Data excerpts
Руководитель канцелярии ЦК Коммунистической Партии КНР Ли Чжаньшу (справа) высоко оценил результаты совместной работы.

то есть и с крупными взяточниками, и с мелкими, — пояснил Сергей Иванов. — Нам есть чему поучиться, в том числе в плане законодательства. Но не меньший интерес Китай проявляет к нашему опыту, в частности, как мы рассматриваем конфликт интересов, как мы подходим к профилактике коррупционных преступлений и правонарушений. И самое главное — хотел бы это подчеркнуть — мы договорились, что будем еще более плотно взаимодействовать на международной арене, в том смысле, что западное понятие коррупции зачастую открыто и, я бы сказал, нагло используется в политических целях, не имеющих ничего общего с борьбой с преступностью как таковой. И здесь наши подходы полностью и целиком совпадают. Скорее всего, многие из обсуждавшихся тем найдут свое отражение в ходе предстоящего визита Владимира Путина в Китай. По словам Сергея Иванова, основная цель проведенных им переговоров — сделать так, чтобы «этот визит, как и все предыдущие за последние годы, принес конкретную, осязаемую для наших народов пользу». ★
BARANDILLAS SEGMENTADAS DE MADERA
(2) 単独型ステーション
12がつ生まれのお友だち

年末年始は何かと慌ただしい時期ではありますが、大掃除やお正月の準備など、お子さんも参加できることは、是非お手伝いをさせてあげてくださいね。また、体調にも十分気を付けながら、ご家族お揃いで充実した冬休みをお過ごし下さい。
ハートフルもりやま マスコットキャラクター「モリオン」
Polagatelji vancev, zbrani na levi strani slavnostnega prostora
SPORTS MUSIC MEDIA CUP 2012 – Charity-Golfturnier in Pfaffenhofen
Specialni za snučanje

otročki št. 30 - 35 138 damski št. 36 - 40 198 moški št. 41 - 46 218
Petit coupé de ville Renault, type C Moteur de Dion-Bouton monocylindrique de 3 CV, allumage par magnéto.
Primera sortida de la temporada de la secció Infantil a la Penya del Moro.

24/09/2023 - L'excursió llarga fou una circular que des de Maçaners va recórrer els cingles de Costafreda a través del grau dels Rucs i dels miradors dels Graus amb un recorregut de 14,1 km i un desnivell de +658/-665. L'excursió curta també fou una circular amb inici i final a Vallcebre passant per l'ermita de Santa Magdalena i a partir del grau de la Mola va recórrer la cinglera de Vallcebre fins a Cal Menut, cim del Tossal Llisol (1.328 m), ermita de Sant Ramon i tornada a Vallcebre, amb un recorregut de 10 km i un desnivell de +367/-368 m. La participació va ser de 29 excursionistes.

» **What needs to be done**: Set down exactly the lines beginning at the one that holds "ハートフルもりやま マスコットキャラクター「モリオン」" and ending with the last line of the data.

» **Answer to the problem**:
ハートフルもりやま マスコットキャラクター「モリオン」
Polagatelji vancev, zbrani na levi strani slavnostnega prostora
SPORTS MUSIC MEDIA CUP 2012 – Charity-Golfturnier in Pfaffenhofen
Specialni za snučanje

otročki št. 30 - 35 138 damski št. 36 - 40 198 moški št. 41 - 46 218
Petit coupé de ville Renault, type C Moteur de Dion-Bouton monocylindrique de 3 CV, allumage par magnéto.
Primera sortida de la temporada de la secció Infantil a la Penya del Moro.

24/09/2023 - L'excursió llarga fou una circular que des de Maçaners va recórrer els cingles de Costafreda a través del grau dels Rucs i dels miradors dels Graus amb un recorregut de 14,1 km i un desnivell de +658/-665. L'excursió curta també fou una circular amb inici i final a Vallcebre passant per l'ermita de Santa Magdalena i a partir del grau de la Mola va recórrer la cinglera de Vallcebre fins a Cal Menut, cim del Tossal Llisol (1.328 m), ermita de Sant Ramon i tornada a Vallcebre, amb un recorregut de 10 km i un desnivell de +367/-368 m. La participació va ser de 29 excursionistes.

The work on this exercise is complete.